La sécurisation repose sur plusieurs mécanismes complémentaires. Chaque véhicule doit d’abord être authentifié par une autorité de confiance afin de vérifier son identité numérique. Ensuite, les messages échangés sont analysés pour « vérifier leur structure, leur contenu et leur cohérence avec la situation sur la route ». Les données sont également comparées avec celles provenant des capteurs ou des autres véhicules, afin d’évaluer leur cohérence . À partir de ces analyses, un niveau de confiance est attribué à chaque voiture, qui peut être considérée comme fiable, suspecte ou non fiable.

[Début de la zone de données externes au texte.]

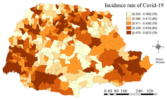 The variable of interest for the study was the incidence rate of cases of the new coronavirus for the month of June to December 2020 whose units of analysis are formed by the three hundred and ninety-nine municipalities that are in the twenty-two regions of health that are part of the municipalities that make up the state of Paraná. The socioeconomic variables associated with the variable of interest were: Gini index, Theil-L index, and municipal human development index (MHDI) see IPARDES [25]. The incidence coefficient of the number of cases was calculated considering the cases that occurred from June 2020 to December 2020, after consulting the Paraná State Health Department (SESA), based on public epidemiological reports, according to Equation (6):

Perspectives : crypto post-quantique, optimisation des interactions
Les travaux intègrent également des techniques de cryptographie post-quantique, conçues pour résister aux futures capacités de calcul des ordinateurs quantiques. Comme le rappelle Emma Braiteh, ces derniers pourraient un jour « briser en quelques minutes des systèmes cryptographiques qui exigent aujourd’hui des milliers d’années de calcul ». Dans cette approche, les véhicules d’un convoi partagent une clé de groupe qui sert à créer une preuve d’intégrité et à chiffrer certains champs dans les communications. Seules les voitures reconnues comme fiables peuvent reconstruire cette clé et participer aux échanges.

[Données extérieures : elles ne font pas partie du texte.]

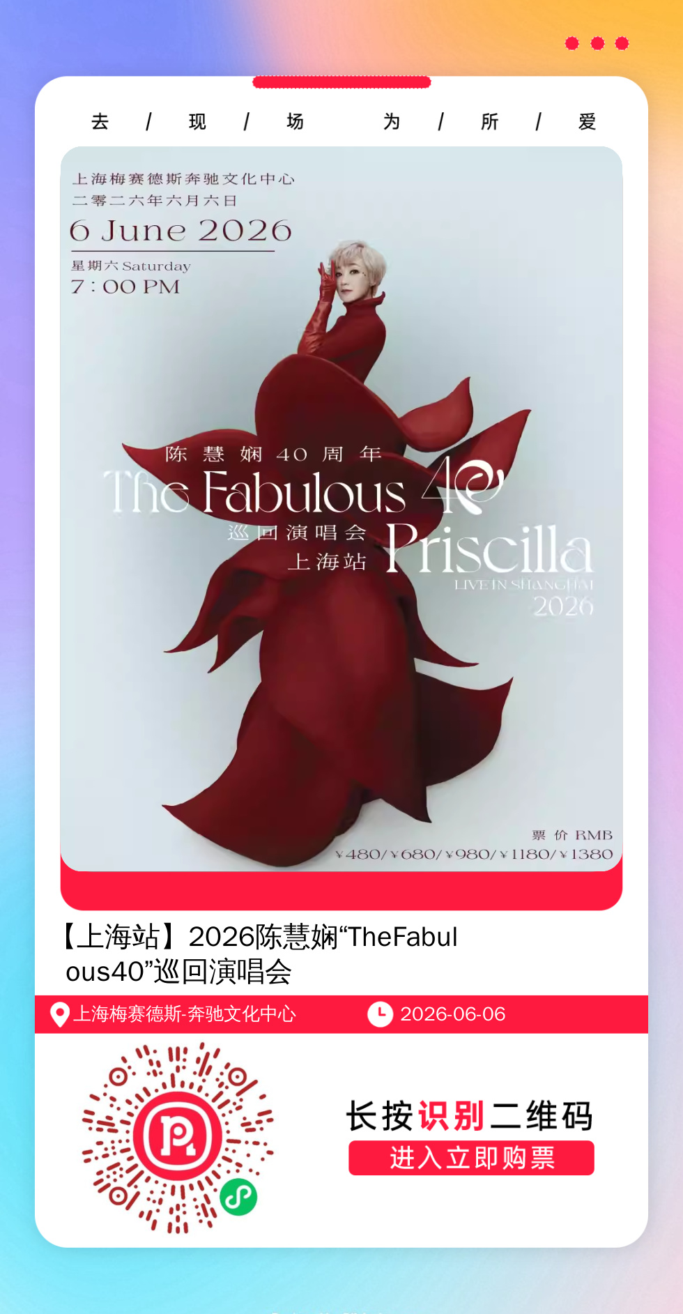 购票提醒:直接打开左侧海报(鼠标移动到海报上,右键选择“在新标签页打开图片”),用手机打开微信扫描海报中的二维码,扫描之后手机登录即可购票。如有疑问,可加微信cary7790咨询,下单后全程跟单,跟进一切关于门票的问题。

Enfin, ces recherches ne se limitent pas aux convois. Elles pourraient être étendues à des interactions plus ponctuelles entre véhicules, par exemple lorsqu’une voiture souhaite changer de voie et avertit les véhicules autour d’elle afin qu’ils adaptent leur comportement. L’objectif final est de permettre une circulation plus coopérative, où les véhicules peuvent « cohabiter de manière harmonieuse et sécurisée ».